4. Your inner critic is a part of you that wants to diminish you.

Have you noticed how certain people seem to effortlessly step into any situation with grace and ease? From public speakers and actors to salespeople and sales managers, they all seem to possess an air of confidence that allows them to blend in effortlessly and thrive. However, many don’t realise there are scientific principles that explain what these confident individuals do differently, as well as ways we can become more confident ourselves.

An inner critic can be an immense power, and it may tempt us to believe it represents who we truly are, having access to immutable truths about who you are as an individual, as well as knowing all your innermost thoughts, vulnerabilities, and experiences that push certain buttons in you.
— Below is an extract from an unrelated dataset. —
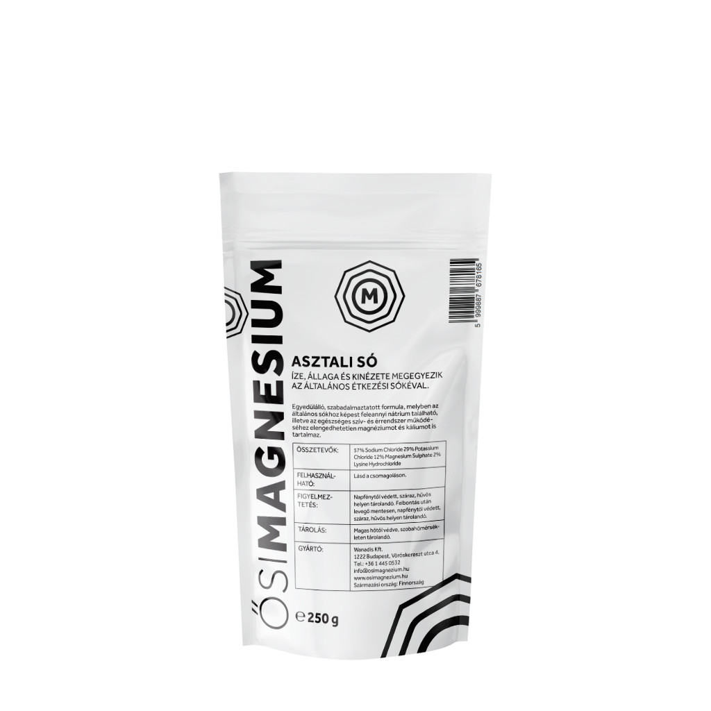 Sokat tehet az egészségtudatos étkezésért és a szervezet magnéziumellátásának támogatásáért, ha magnéziummal és káliummal dúsított, csökkentett nátriumtartalmú Ősi Magnesium asztali sót használ. Ízében és állagában nem tér el a hagyományos konyhasóktól, így könnyen beilleszthető a mindennapi főzésbe. A praktikus, 250 g-os kiszerelés ideális választás lehet azoknak is, akik most ismerkednek a termékcsaláddal, valamint azoknak, akik utazás vagy nyaralás alatt sem szeretnének lemondani a tudatos megoldásokról.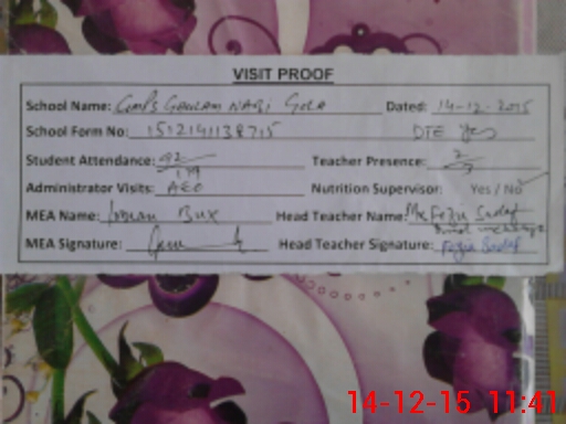 | EMIS Code: 32430182 | Name of School: GGPS GHULAM NABI GOLA | |||

This belief may lead to feelings that any time negative thoughts enter our heads, they must come from within us, and that somehow this must mean we are broken or damaged individuals.

When your inner critic starts talking, try showing it some empathy and asking what’s bothering it and why they believe what they do. By showing compassion to that person, their criticism should become less of a barrier to your own success and happiness.

Your inner critic can diminish you by making you feel small, comparing yourself with others, and personalising events that happen to you. This leads to destructive thought processes, which prevent us from taking the steps needed to move forward in our lives and make progress. Luckily, however, it’s not your fault for believing these negative thoughts and behaviours; these maladaptive coping mechanisms simply contribute to them.

Deliberately breaking free from negative self-talk requires first recognizing it when it occurs and choosing not to react in response. With practice, your mind can learn how to tune out this inner critic and focus on what truly matters, eventually taking control over its contents and building an emotionally fulfilling and confident lifestyle! I wish you success on this journey!